== Segment start ==

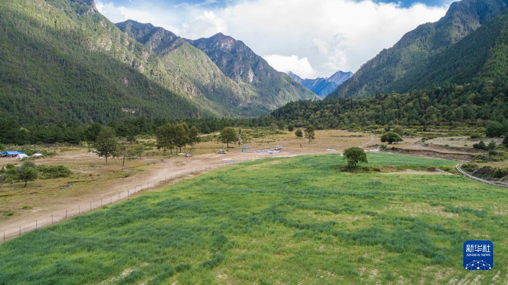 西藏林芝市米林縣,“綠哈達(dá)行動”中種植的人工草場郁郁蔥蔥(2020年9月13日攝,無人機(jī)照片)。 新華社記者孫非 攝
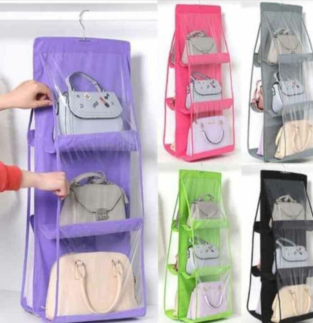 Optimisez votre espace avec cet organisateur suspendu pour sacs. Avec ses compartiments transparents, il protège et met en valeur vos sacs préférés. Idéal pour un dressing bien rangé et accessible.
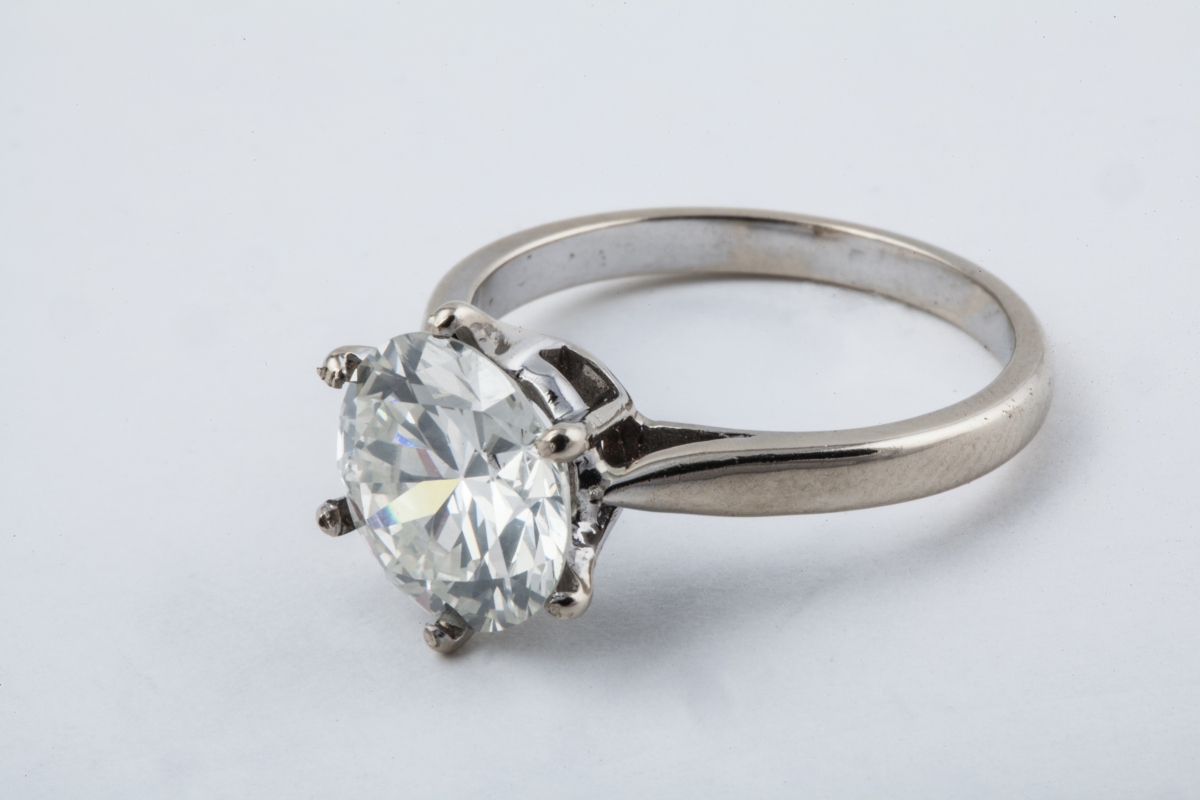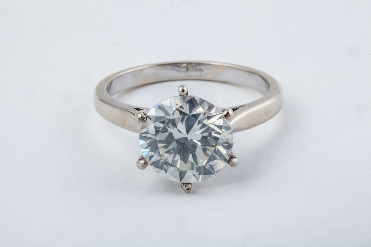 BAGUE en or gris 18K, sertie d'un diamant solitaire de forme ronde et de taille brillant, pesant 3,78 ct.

== Segment end ==

Repeat the listing word for word, but without its pictures.

 西藏林芝市米林縣,“綠哈達(dá)行動”中種植的人工草場郁郁蔥蔥(2020年9月13日攝,無人機(jī)照片)。 新華社記者孫非 攝
 Optimisez votre espace avec cet organisateur suspendu pour sacs. Avec ses compartiments transparents, il protège et met en valeur vos sacs préférés. Idéal pour un dressing bien rangé et accessible.
 BAGUE en or gris 18K, sertie d'un diamant solitaire de forme ronde et de taille brillant, pesant 3,78 ct.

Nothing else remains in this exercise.